Я (к Стасу): Стас! ну чего ты с ней, с Надюхой, возишься? делать тебе нечего? тут греха не оберешься. Ну вот, могли тебе пришить мокрое дело. Застал бы тебя ее сынок возле трупа, с отмычкой в руках, руки в перчатках. Какого тебе рожна от Нади надо? баб навалом.
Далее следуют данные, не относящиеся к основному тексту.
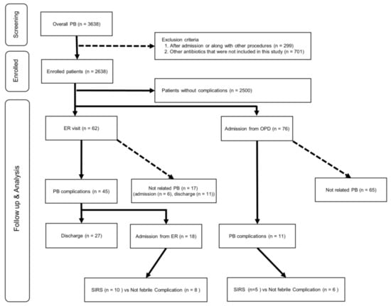 To analyze the incidence of complications according to the type of antibiotic prescribed, patients who experienced procedure-related complications within 2 weeks of the PB and were treated in the ER or an outpatient setting were categorized as Cx1. Patients who required inpatient treatment for procedure-related complications within 2 weeks of PB were categorized as Cx2. Patients who required inpatient treatment due to SIRS within 2 weeks of PB were categorized as Cx3. Patients were diagnosed with SIRS when they met two or more of the following criteria: fever > 38.0 °C or hypothermia < 36.0 °C, tachycardia > 90 beats/min, tachypnea > 20 breaths/minute, and leukocytosis > 12 × 109/L or leukocytopenia < 4 × 109/L. Patients with a history of ER visits were categorized as Cx4, and those with a history of hospitalization were categorized as Cx5.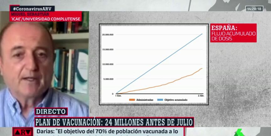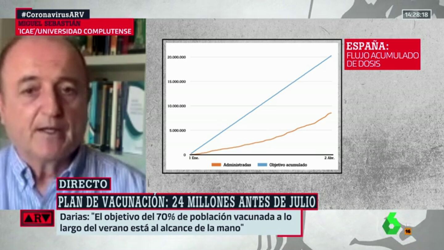 ¿Es posible que se alcance el 70% de la población vacunada el 1 de julio? Para Miguel Sebastián, es un objetivo que se puede cumplir, pero con una condición.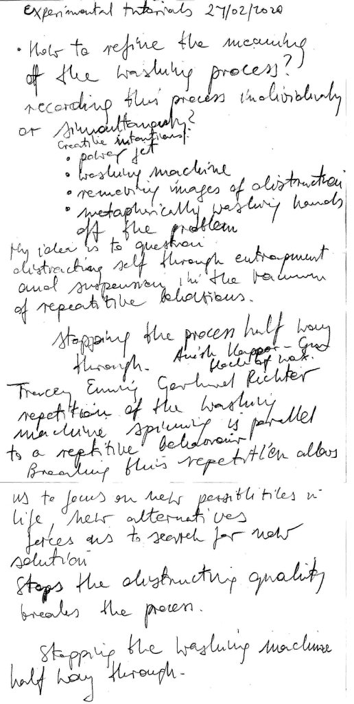 Following a discussion of available spaces for the summer exhibition, we were introduced to the details of an experimental group tutorial. The idea was to identify a conceptual problem for discussion with two partners. The participants were only allowed to use open questions to force the presenting person to reflect on own practice. This was an excellent opportunity to use the Socratic Approach. My group was very helpful and simply superb. I was able to benefit from both Jonathan’s and Donald’s input and feedback.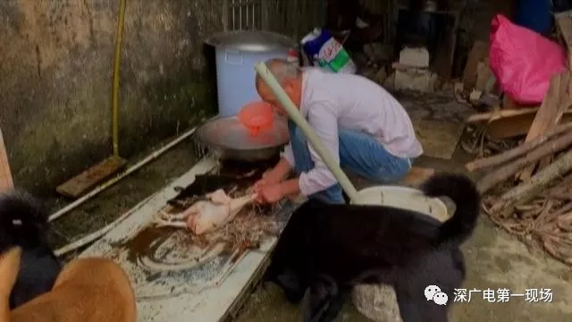 這名男子將活禽拿到了民房旁邊的一處宰殺點(diǎn),另外一名年長(zhǎng)一點(diǎn)的男子接過(guò)活雞就地宰殺。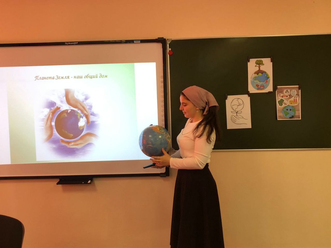 5 мая 2022 года учитель химии и биологии Мавсарова Сияда Алавудиновна с учащимися 11 «а» класса провела защиту проекта на тему: «Земля - наш общий дом». При проведении защиты проекта с использованием наглядного материала и современного оборудования учащиеся рассказали о воспитании гуманного отношения к природе, чувстве ответственности за все живое на Земле.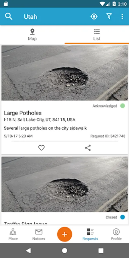 UDOT Click ‘n Fix allows you to report issues you see on Utah’s state highways and interstates, like potholes or signal problems, directly to the Utah Department of Transportation. You simply drop a marker on the map where you noticed a concern, answer a few questions to help us understand what needs to be fixed and include a photo when possible. You can even comment on issues others have submitted. We’ll notify our crews and get it fixed as quickly as possible and let you know as soon as we have it resolved.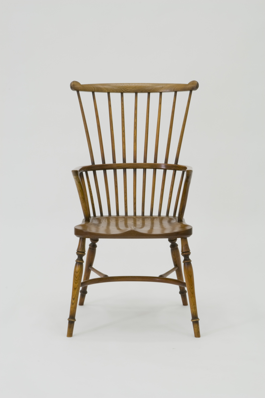 イギリスの各地で農民達の手によって実用性を重んじてつくられていた椅子が、17世紀後半頃にウィンザーチェアとしてひとつの完成の域に達した。そのなかでも最も古いタイプのひとつが、このコム(櫛)バックである。細いスポークが平行して並ぶ造形は、座り心地の良さの象徴である。またニレ材を用いた座板も座り心地の良さを求めて、波型の削りだしとなっている。なお「貫」の部分に使われているカウホーンと呼ばれる形は、ウィンザーチェアが様式家具から影響を受けた一つの典型例であろう。 |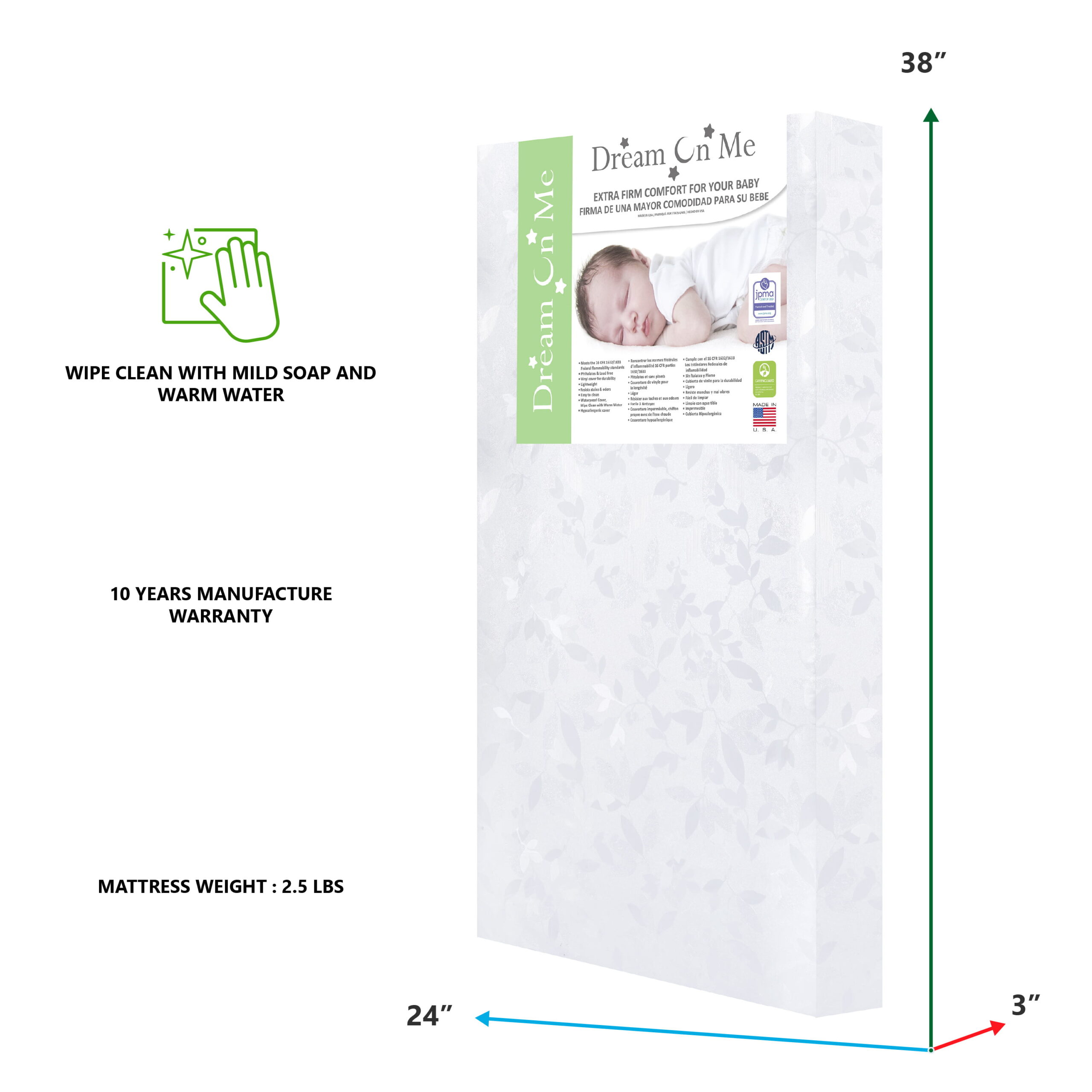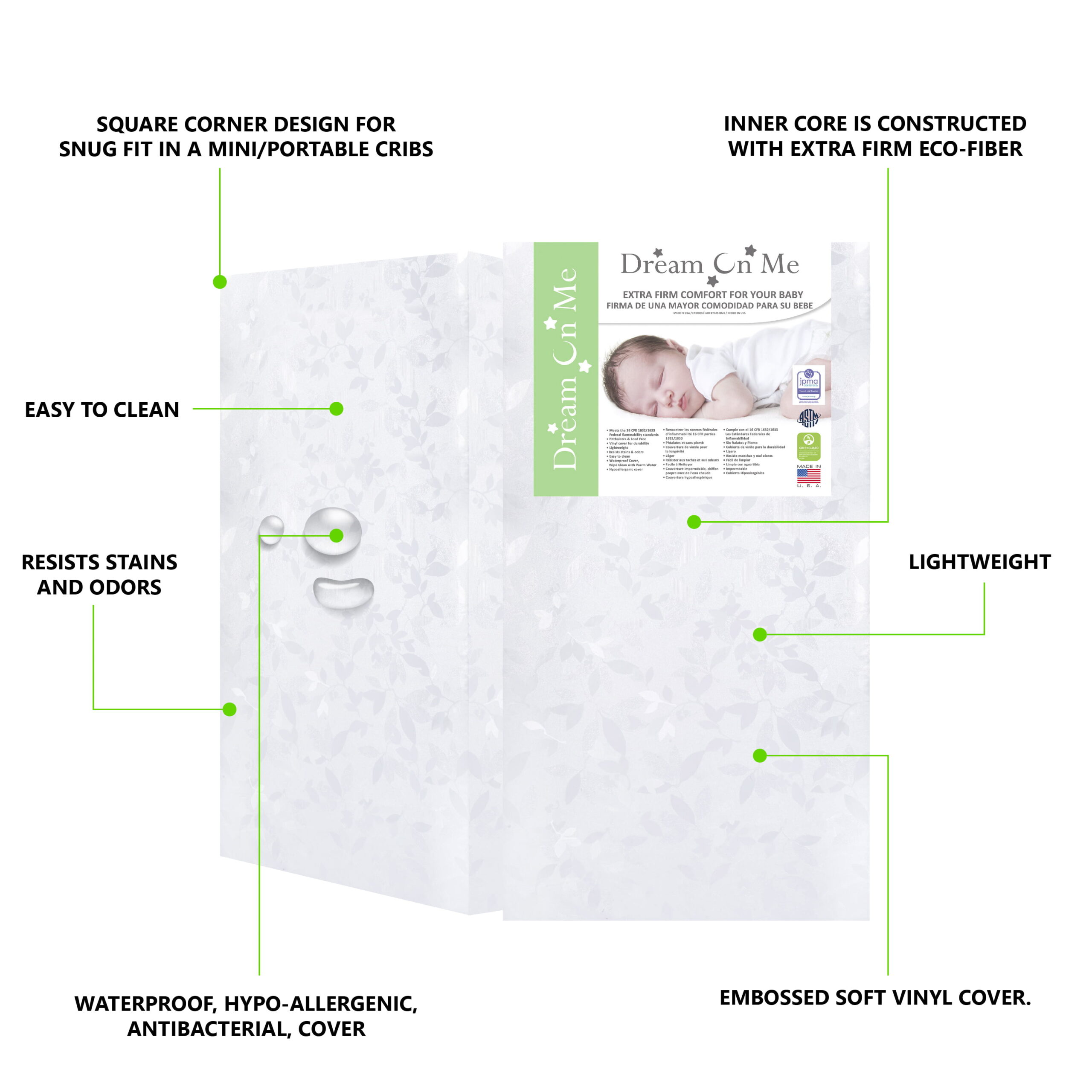 Dream on Me Jasmine 4 Foam Crib & Toddler Mattress I Greenguard Gold Certified I JPMA Certified I Vinyl Cover Durable Mattress

СТАС: Иди на. Я в своей непростой жизни черное от белого отличить смогу. Она, конечно, юродивая, но Бог таких любит. А с Ним я не спорщик. Даром что фарцую иконами – и подлинными, и поддельными.


47. Живучая нечисть

Максим пришел. через полчаса. Мать сидит болтает по телефону. На шее багровый шрам, на виске другой. И на портрете точно то же. Тот еще портретик. На всё реагирует. Максиму бы заметить все четыре шрама, но мать ему глаза отвела. Ведьмовство, оно по женской линии передается. Сын был просто плут, без мистических добавок. На полу убрано – ни крови, ни осколков. Зеркало срослось! зеркало вещь вещая. Срослось – стал быть, и беду избыли. Каким-никаким колдовством, а избыли. Ой, не вставайте на пути этой новой Евгении! теперь она от общечеловеческого стада вовсе отбилась. И раньше была не овечка, а нынче ее никто не упасет. Побывала там – не приняли. Уж как там ни устроено, а только не для нее. Блаженствуют ли, маются ли души – так ведь то души. Надо как минимум иметь душу. А тут полное отсутствие всякого присутствия.
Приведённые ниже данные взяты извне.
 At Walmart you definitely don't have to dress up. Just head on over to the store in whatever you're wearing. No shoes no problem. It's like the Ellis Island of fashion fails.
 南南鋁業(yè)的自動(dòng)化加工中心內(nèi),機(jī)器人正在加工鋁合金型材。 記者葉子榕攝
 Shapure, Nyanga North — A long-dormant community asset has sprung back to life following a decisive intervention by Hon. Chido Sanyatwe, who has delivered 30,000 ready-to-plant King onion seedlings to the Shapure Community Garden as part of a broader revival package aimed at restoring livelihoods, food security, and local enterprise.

48. На то и мозги, чтоб выкручиваться

Из милиции ехали цугом на двух машинах. Стас вез Надю, Кирилл эскортом сзади. Сидят у Кирилла дома на антикварных креслах. Стас, округлив глаза, докладывает, что увидал на филевских задворках. Надя хвать телефонную трубку! Ты чего, Надь? – Как чего? в скорую! – Положь. Нам нужно выработать стратегию защиты. Понимаешь, время смерти ведьмы практически совпадает с моментом вашего задержания. Вы выглядите как удирающие с места преступленья. Звонить надо Инне. Ничего ей не рассказывать. Никаких концертов не планировалось, ясно? Вы ведь в милиции о концерте не заикались, так? Ты, Кирилл, позвал Надю покататься, а на самом деле хотел завезти к себе в гости и уговорить на развод. Мотивы понятны. Муж гад, с Надькой ты дружен. Правда – лучшее вранье. Документы ее прихватил – а вдруг удастся сразу подать? Но она, Надька, ни в какую. Тоже правда. А домой вернуться боится. Пока всё правда. Дальше: Инночка, будь ласкова, проводи Надю домой. До угла я их подброшу. Двором пойдут сами. Пусть их таджик с метлой увидит– всё свидетель. Ключ у Надьки недавно завёлся – хоть маленькая, а победа. Не забыть скопировать по дороге. Ну, откроют они дверь, увидят жмурика в юбке – Надьке и притворяться не придется. Упадет в обморок как по нотам. Инна станет звонить – мне и тебе, Кирилл. А у нас мобильники будут заблокированы. Она – в милицию, в скорую. Через полчаса мы спохватимся: пропущенные звонки. Ты что звонила, Инночка? Пока приедем – а там уже и менты и белые халаты. Получается: свекровь полезла искать документов ненадежной невестки. Не нашла и с досады грохнулась. Правда на правде сидит и правдой погоняет. Сценарий готов. Звоню Инне.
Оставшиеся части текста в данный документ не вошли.